## Assigned task
Repeat the listing word for word. Leave every picture out.

## Data below

=======

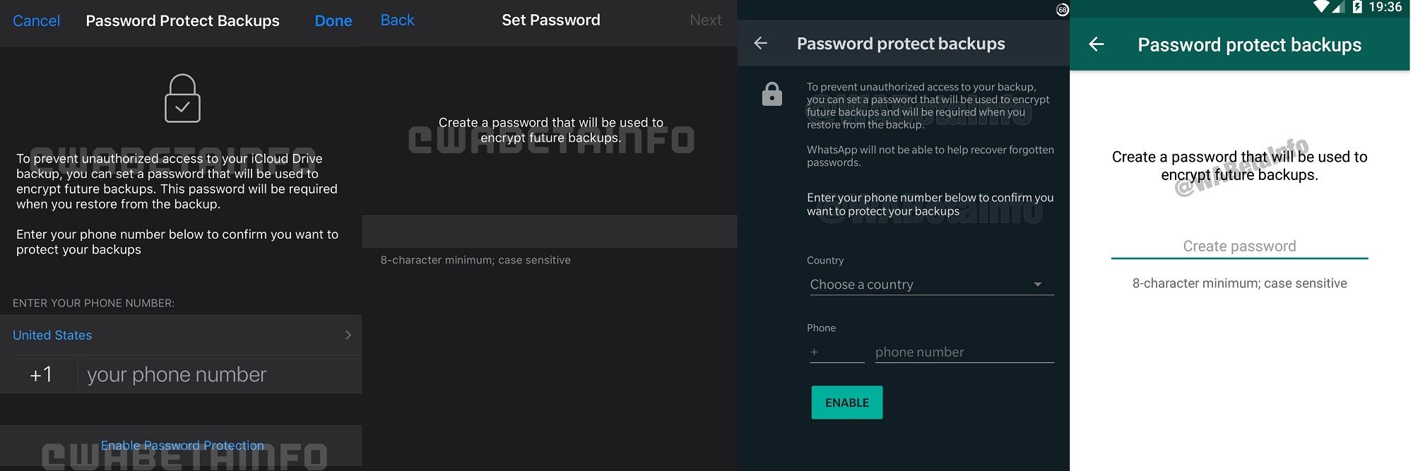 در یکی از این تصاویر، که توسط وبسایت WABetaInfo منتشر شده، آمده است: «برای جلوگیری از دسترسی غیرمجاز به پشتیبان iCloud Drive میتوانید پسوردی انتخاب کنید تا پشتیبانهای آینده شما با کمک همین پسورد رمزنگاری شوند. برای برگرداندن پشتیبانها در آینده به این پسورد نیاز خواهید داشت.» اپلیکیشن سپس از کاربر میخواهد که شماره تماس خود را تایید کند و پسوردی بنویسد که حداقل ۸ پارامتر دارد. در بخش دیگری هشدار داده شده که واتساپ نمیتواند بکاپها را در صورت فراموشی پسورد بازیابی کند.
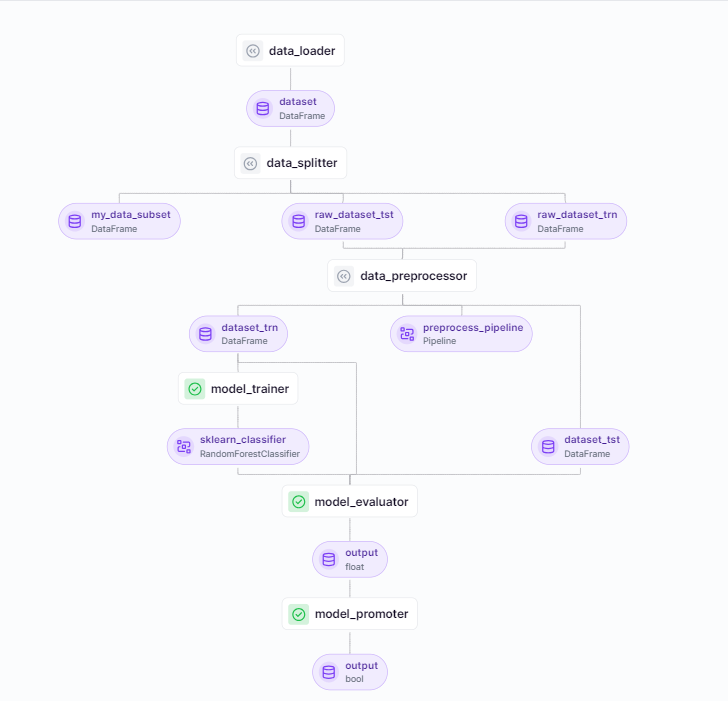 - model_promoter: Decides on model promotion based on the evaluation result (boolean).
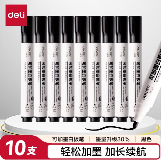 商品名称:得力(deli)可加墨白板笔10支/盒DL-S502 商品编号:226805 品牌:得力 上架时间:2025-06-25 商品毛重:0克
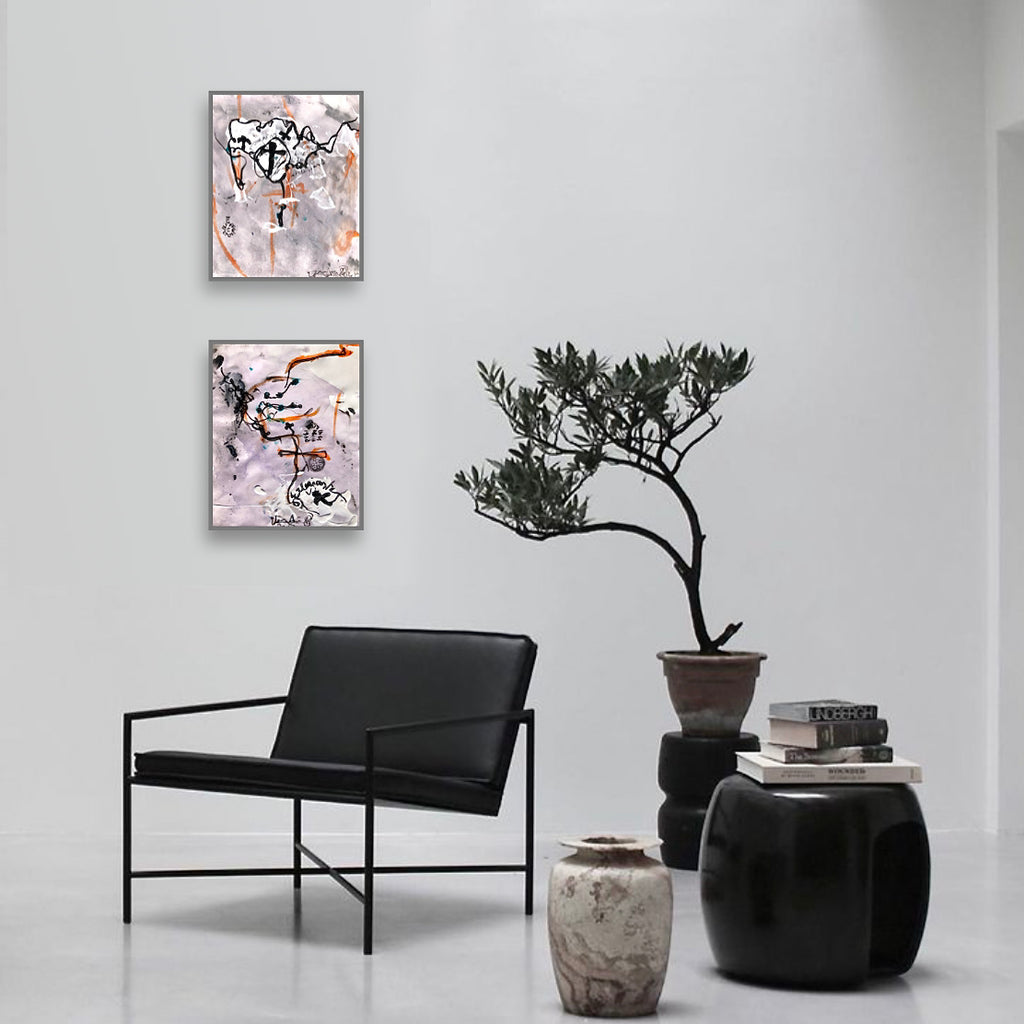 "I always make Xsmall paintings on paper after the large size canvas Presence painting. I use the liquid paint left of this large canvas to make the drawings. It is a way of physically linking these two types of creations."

=======

## Exercise output
 در یکی از این تصاویر، که توسط وبسایت WABetaInfo منتشر شده، آمده است: «برای جلوگیری از دسترسی غیرمجاز به پشتیبان iCloud Drive میتوانید پسوردی انتخاب کنید تا پشتیبانهای آینده شما با کمک همین پسورد رمزنگاری شوند. برای برگرداندن پشتیبانها در آینده به این پسورد نیاز خواهید داشت.» اپلیکیشن سپس از کاربر میخواهد که شماره تماس خود را تایید کند و پسوردی بنویسد که حداقل ۸ پارامتر دارد. در بخش دیگری هشدار داده شده که واتساپ نمیتواند بکاپها را در صورت فراموشی پسورد بازیابی کند.
 - model_promoter: Decides on model promotion based on the evaluation result (boolean).
 商品名称:得力(deli)可加墨白板笔10支/盒DL-S502 商品编号:226805 品牌:得力 上架时间:2025-06-25 商品毛重:0克
 "I always make Xsmall paintings on paper after the large size canvas Presence painting. I use the liquid paint left of this large canvas to make the drawings. It is a way of physically linking these two types of creations."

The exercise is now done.